November 22 was a typically hectic moving day for the Russells—parents chasing toddlers down empty hallways, directing movers and dodging boxes. Then Herman took a moment to do what any man would do in brand-new digs: He flipped on the TV. What he saw was the assassination of President Kennedy.
Juanita Abernathy had just bought her lot the year before, a few blocks over on a street so new that it didn’t yet have asphalt. She was mulling over floor plans with architect J.W. Robinson, though it would be a year before her husband, the Reverend Ralph David Abernathy, got around to visiting the property. Of course, that was about the time he and Martin Luther King Jr. got thrown into a Birmingham jail and, a few months later, organized a sizable rally in Washington. So Juanita understood why Ralph couldn’t get around to carpet samples.
The Russells’ and Abernathys’ swanky new community, Collier Heights, eventually encompassed fifty-four individual subdivisions and more than 1,700 homes, schools, and churches near what is today the intersection of I-20 West and I-285. In the tumultuous last decade before the Supreme Court ended Jim Crow segregation, Collier Heights became a virtual Who’s Who of black Atlanta. Residents included the Reverend and Mrs. Martin Luther King Sr., bank president Lorimer D. Milton, civil rights attorney Donald B. Hollowell, Grady Hospital medical director Dr. Asa G. Yancey, and Georgia congressmen Leroy R. Johnson and Billy McKinney (not to mention his daughter Cynthia).
Never before in the nation had African Americans possessed the means, the leadership, and the land to develop a modern suburb that so epitomized the American dream. Never again, at least in Atlanta, would they build one that was so exclusively their own. Loyalty to this heritage has kept the original community and its period architecture remarkably intact, a big part of why this seemingly ordinary ranch neighborhood was recently named to the National Register of Historic Places.
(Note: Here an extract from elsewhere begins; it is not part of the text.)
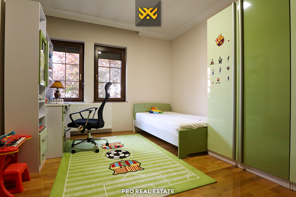 Shtëpia gjendet në një lagje private të qetë dhe të sigurtë, me mundësi shumë të mira për zhvillimin e një jete komode.

Collier Heights’ first residents coordinated protests at Rich’s department store and Grady Hospital, organized voter drives, and advised U.S. presidents. But they also raked leaves and swapped recipes and chaired PTA meetings. Their children, outside playing 3-on-3 basketball or popping wheelies on shiny new Schwinn Sting-Rays, were relatively oblivious to the social upheaval they represented. They didn’t understand why busloads of tourists would pass by marveling at wealthy black suburbia. They just knew they had to be home when the streetlights came on. And perhaps their childish insouciance—their taking it for granted that they could grow up to attend the University of Georgia, or run a Forbes 500 corporation, or become president of the United States—was the greatest legacy of Collier Heights.
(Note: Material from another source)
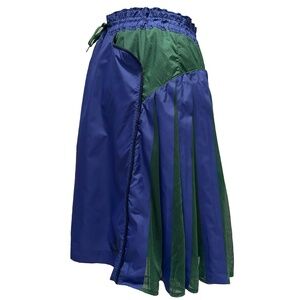 Sacai is known for fresh takes on traditional silhouettes punctuated with a fun feminine flourish; in this case Chitose reinterprets Nike's heritage Windrunner as a skirt. Featuring traditional windbreaker materials, mesh and ripstop nylon create a paneled skirt with accordion pleats in bands of green and blue. The skirt is fully lined.

Dorothy C. Johnson tenderly opens the oversized turquoise burlap scrapbook, labeled simply in die-cut block letters and laminated in clear contact paper, that chronicles forty-plus years of the Larchmont-Kildare Community Club. Taped to fading construction paper pages are news clippings, invitations, campaign flyers, and newsletters documenting generations of residents along the little cluster of hilly streets on the west side of Collier Heights. There are snapshots of picnics, street parties, pool parties, barbecues, and community meetings—where someone thought to invite the firemen, or bring sidewalk chalk for the kids, or recognize Katie Tuggle’s ninety-first birthday, or her ninety-fifth.
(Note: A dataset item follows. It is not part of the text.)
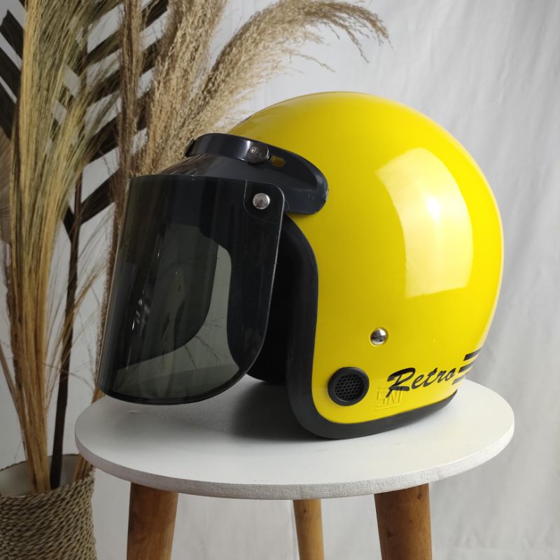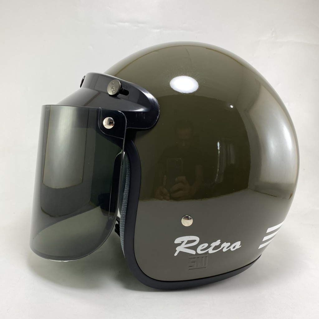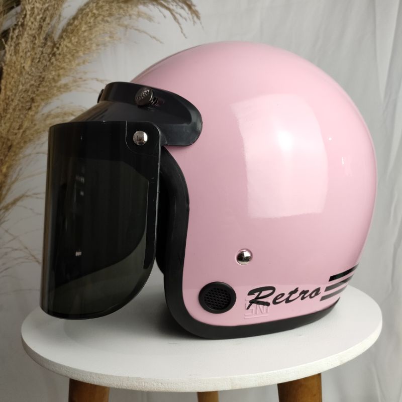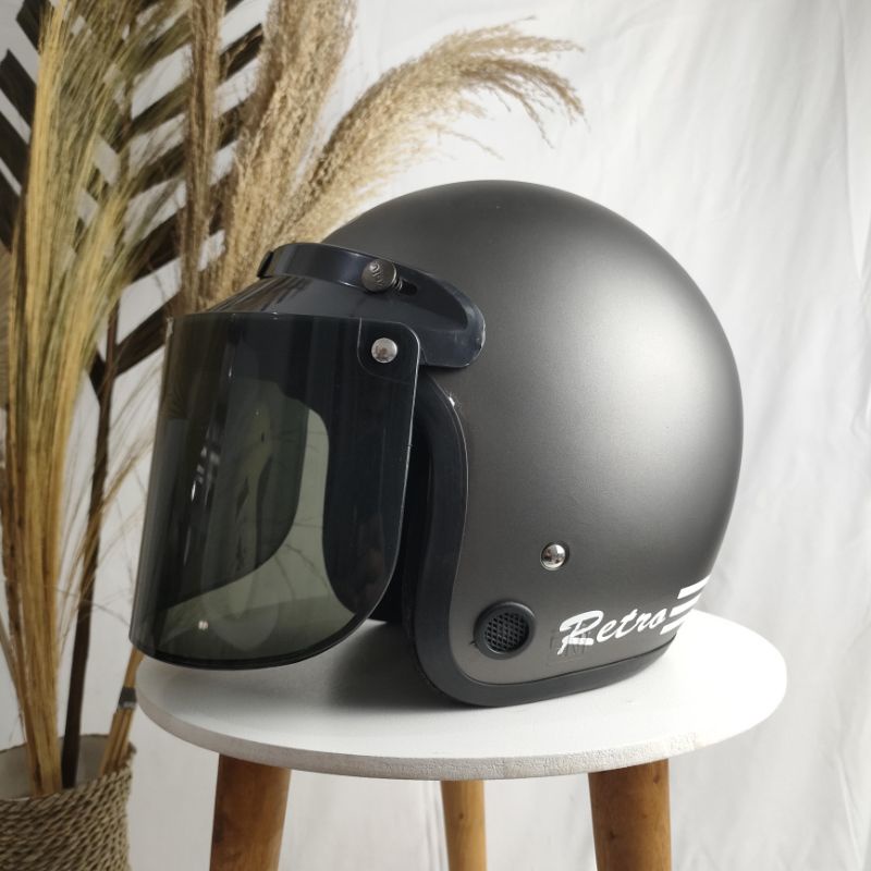 Helm Bogo Retro Bayklasik Putih Glosy Polos Kaca Bogo Original Cembung Hitam Smoke standart SNI

Though there are cameos by celebrity neighbors such as Christine King Farris, Martin’s sister, and Leroy Johnson, the first black Georgia senator since Reconstruction, the book mostly features ordinary folk—the same faces aging and lapels widening as the pages turn, neighborhood kids growing up and having babies of their own. “I call us the little people,” defers Johnson, one of the club’s only three surviving charter members. “You know the famous folk, but we’re just the little people.”
Her protests aside, Johnson’s portrait of typical suburbia was anything but typical for African Americans in midcentury Atlanta.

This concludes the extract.